● Exercise description: Look below for the line containing "맑은 날씨를 보인 28일" and the line containing "肉鸡消费逐步恢复,行情稳定。"; repeat exactly those two lines and all lines between them, and nothing else.

● Task input:

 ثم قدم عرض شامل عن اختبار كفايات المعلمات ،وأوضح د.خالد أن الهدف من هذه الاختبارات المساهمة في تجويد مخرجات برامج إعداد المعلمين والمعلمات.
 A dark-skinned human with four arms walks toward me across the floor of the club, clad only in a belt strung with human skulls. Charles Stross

* * *

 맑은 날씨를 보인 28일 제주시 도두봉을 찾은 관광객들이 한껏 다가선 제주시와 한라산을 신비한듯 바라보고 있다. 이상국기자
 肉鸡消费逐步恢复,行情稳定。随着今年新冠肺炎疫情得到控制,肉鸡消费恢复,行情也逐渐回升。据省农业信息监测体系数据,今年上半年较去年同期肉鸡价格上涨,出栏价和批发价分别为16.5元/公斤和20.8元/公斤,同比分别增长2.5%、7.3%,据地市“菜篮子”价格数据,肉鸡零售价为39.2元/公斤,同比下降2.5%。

● Finished exercise:
 맑은 날씨를 보인 28일 제주시 도두봉을 찾은 관광객들이 한껏 다가선 제주시와 한라산을 신비한듯 바라보고 있다. 이상국기자
 肉鸡消费逐步恢复,行情稳定。随着今年新冠肺炎疫情得到控制,肉鸡消费恢复,行情也逐渐回升。据省农业信息监测体系数据,今年上半年较去年同期肉鸡价格上涨,出栏价和批发价分别为16.5元/公斤和20.8元/公斤,同比分别增长2.5%、7.3%,据地市“菜篮子”价格数据,肉鸡零售价为39.2元/公斤,同比下降2.5%。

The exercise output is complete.